Second: Maintaining remote access
In terms of definition, cloud technology is a remote access technology. If the enterprise's cloud service provider encounters a severe DDoS attack, the network access to the service is banned, which equates to the enterprise application being "down". What is the enterprise's cloud service provider going to do to prevent this from happening to the enterprise?
Third: How to achieve internal and external isolation protection
Attackers can buy cloud services like ordinary users. So how to protect enterprise data from threats within the cloud environment?
Four: How cloud protection with small beats big
Weekly headlines will talk about the latest mega-traffic attacks on big banks or reputable websites. However, only about 25% of DDoS attacks are large traffic attacks. How can cloud service providers help businesses cope with these massive traffic attacks?
V: How the Security protocols change with the cloud
To establish pricing that is conducive to competition in the cloud computing market, most providers will choose to create generic protection profiles that are available to most users to reduce solution costs. So how does a cloud service provider with a common security protocol meet specific security requirements?
Bottlenecks in the bottleneck data security how to protect
While the above five is a major obstacle to the development of cloud computing, there is one obstacle to the existence of "normality" in all modern information technology development-that is, the security of data. Cloud computing improves the efficiency of data processing, but also greatly increases the risk of data leakage, how to ensure that those who interact and store in the cloud security has become the cloud computing development "bottlenecks."

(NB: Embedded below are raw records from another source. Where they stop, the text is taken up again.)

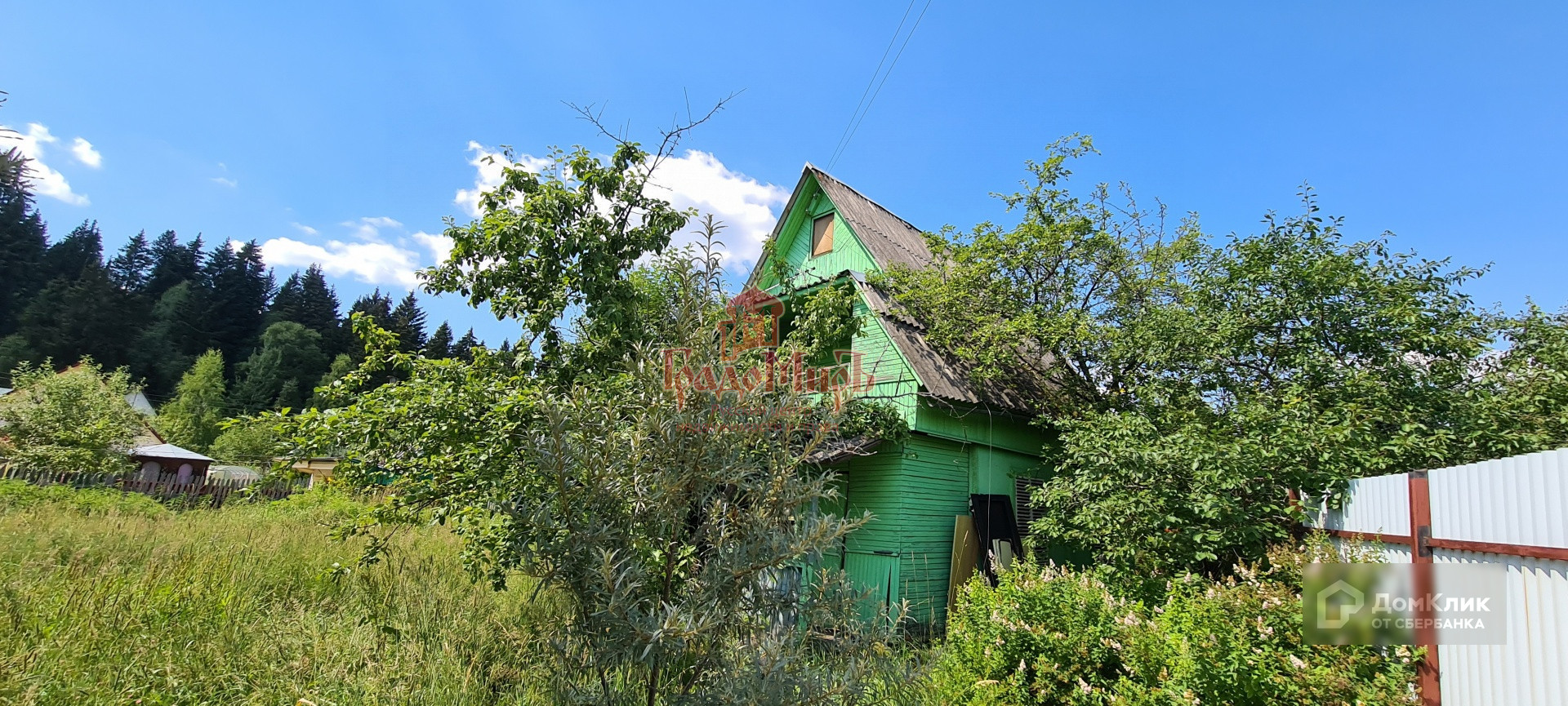 На территории построен хозблок из кирпича и баня.
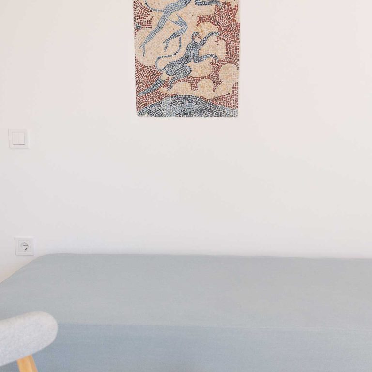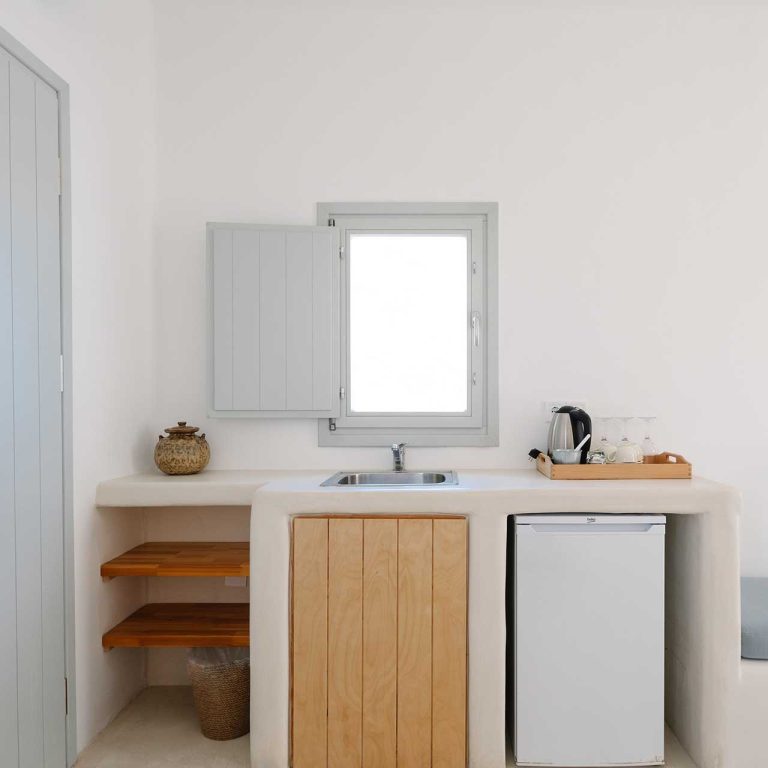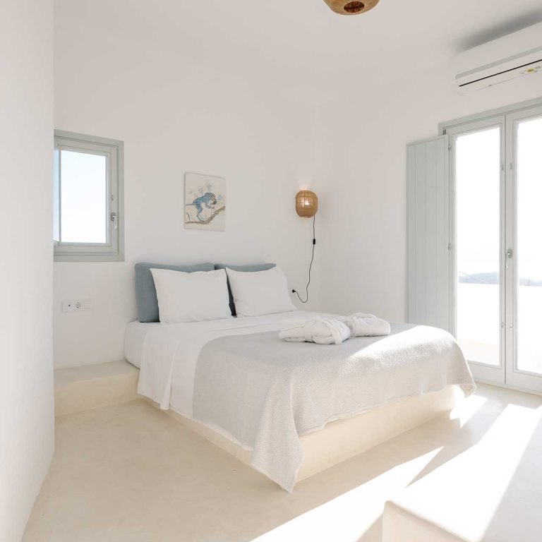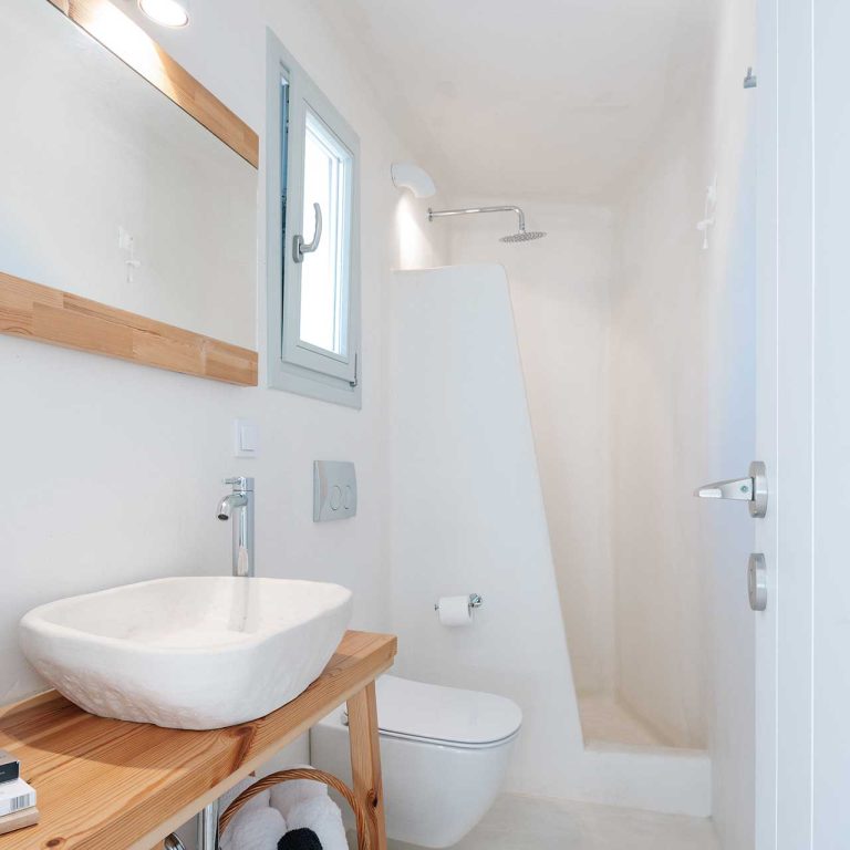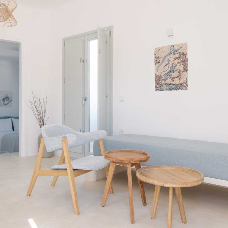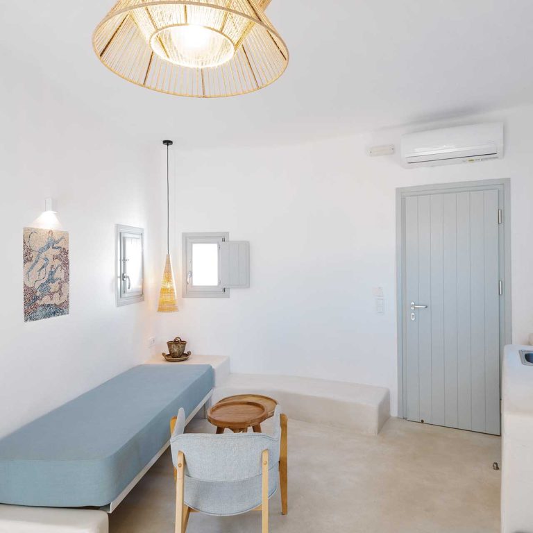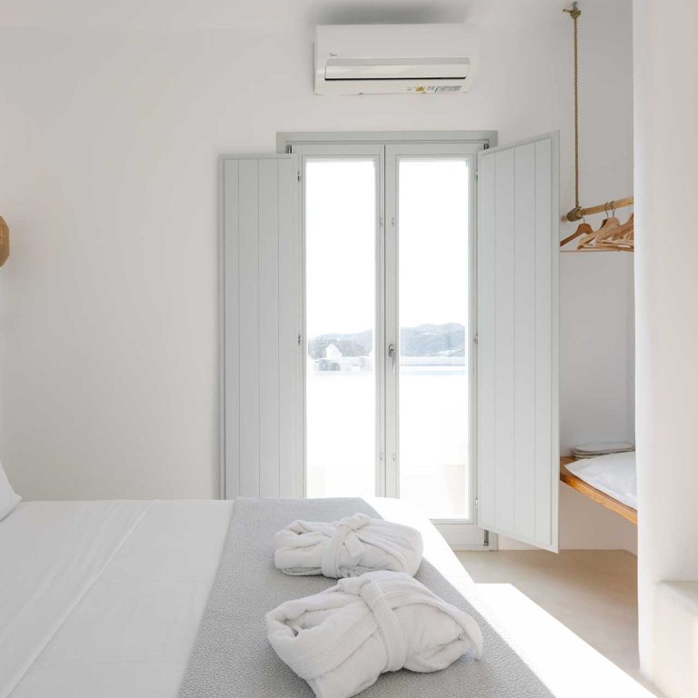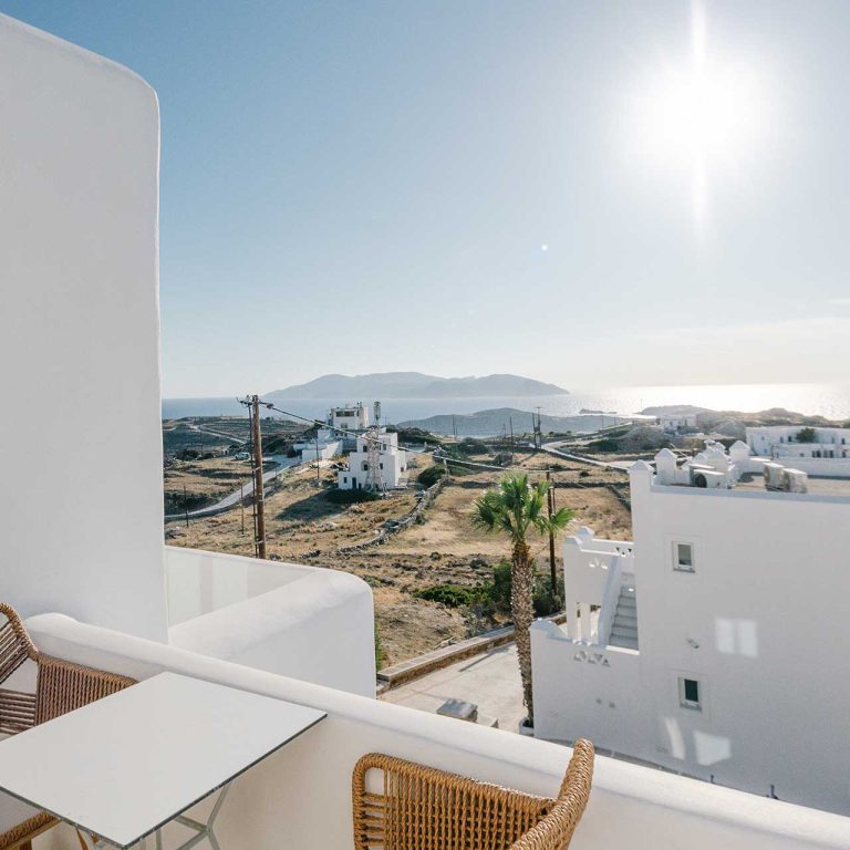 25m2 suite (with bedroom and living room) on different levels. Built in furniture, bathroom with shower, private veranda with a view of the traditional settlement Chora of Ios, the sea, or the pool.
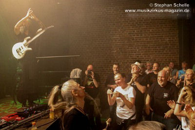 Die Jungs waren so Energie geladen wie ich es noch nicht von ihnen erlebt habe und das übertrug sich auf’s Publikum und schwappte wieder zurück. Sie begannen mit dem Opener ihres aktuellen Albums „Saison 8“, deren Stücke sie komplett ins Livesetup genommen hatten. Die neuen Stücke zündeten dabei auf Anhieb und fügten sich perfekt mit älteren Stücken zu einem ausgewogenen Set.

However, although the problem is grim, but the protection of the law is "already owned", for modern and diverse, by the development of information technology and the various data protection issues, the use of data encryption technology is the best choice.
Data encryption is used directly in the data itself, so that data can be encrypted in various situations. Moreover, because of the specificity of encryption protection, so that data even if leaked, encryption protection still exists, as long as the algorithm is not deciphered, data and information can still be called safe. As a result of these two-point guarantee, encryption software has become the most important and reliable means to protect the information security of modern enterprises. At the same time, due to the diverse needs of information security protection in the future, in the encryption software or encryption technology, the use of the forefront of the era of Multimode encryption technology or the best choice.
Multi-mode encryption technology using symmetric algorithm and asymmetric algorithm, while ensuring the quality of data source protection, its multimode features can allow users to choose the encryption mode, so that more flexible to deal with a variety of encryption requirements and security environment. As a typical representative of this technique, the Multimode encryption module of the mountain-li waterproof wall adopts transparent encryption technology based on system kernel, which further ensures the convenience and integrity of information security protection (encryption and format independent).
All in all, there are many security problems with cloud computing, so people are still more worried about whether cloud computing is safe or not. But the reality is not always so cruel, it turns out, companies in the use of cloud computing after a large number of data migration work list data leakage and theft is still a minority. In fact, most corporate data theft incidents involving cloud providers are caused by enterprise errors, not by cloud service providers. However, it seems most prudent to take the initiative to use flexible and targeted cryptographic software to protect the source of data, even though the "few" but possible problems cannot be "taken lightly".